Een andere toepassing waarvan Benyus veel verwacht is het combineren van re-searchafdelingen. “Managers zijn nu nog te veel op competitie tussen bedrijven gericht,” vindt ze. “Maar veel onderzoek is voor een enkel bedrijf simpelweg te duur.” Neem de zoektocht naar een alternatief voor pvc.
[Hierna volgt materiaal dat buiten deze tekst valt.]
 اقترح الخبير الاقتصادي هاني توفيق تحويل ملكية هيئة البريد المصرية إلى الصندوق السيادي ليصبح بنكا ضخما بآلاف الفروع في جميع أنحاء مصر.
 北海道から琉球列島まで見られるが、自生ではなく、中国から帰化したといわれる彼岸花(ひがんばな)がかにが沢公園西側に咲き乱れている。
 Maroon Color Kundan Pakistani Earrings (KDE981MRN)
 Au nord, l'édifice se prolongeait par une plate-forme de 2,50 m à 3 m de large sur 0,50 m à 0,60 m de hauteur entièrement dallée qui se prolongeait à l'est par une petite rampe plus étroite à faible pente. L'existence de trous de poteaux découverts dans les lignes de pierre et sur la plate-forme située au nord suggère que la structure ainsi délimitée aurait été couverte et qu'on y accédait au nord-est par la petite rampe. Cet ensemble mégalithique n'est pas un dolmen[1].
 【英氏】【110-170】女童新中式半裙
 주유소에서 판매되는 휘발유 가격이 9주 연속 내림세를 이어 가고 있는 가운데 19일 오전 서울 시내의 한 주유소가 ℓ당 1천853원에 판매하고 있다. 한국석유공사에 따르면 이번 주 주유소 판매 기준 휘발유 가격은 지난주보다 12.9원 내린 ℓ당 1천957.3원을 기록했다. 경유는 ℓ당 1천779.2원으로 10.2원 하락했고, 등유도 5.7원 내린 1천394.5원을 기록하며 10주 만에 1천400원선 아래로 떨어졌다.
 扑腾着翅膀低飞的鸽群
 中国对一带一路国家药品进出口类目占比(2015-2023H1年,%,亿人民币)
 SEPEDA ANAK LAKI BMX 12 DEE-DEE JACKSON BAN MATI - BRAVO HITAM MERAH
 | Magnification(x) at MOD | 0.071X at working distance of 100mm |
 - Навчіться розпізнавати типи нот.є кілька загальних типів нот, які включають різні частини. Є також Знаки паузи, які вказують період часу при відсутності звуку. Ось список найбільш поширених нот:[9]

Als die wordt gevonden, is dat voor zowel tapijtenmakers, gymschoenfabrikanten, buizenbedrijven, en verpakkers interessant. In de auto-industrie gebeurt dit al. Chrysler, Ford en General Motors hebben hun concurrentiestrijd opzij gezet en de Vehicle Recycling Partnership opgericht, waardoor ze onderdelen van elkaars oude auto's kunnen hergebruiken. De economie, zo haalt Benyus een Japanse biomimic aan, bestaat nu vooral nog uit slagaders: kanalen om producten van het hart van de producenten naar het lichaam van de economie te pompen. “Maar in de toekomst hebben we ook aderen nodig. Kanalen om producten en afvalstoffen weer terug te halen, zodat de materialen kunnen worden gereinigd en hergebruikt.”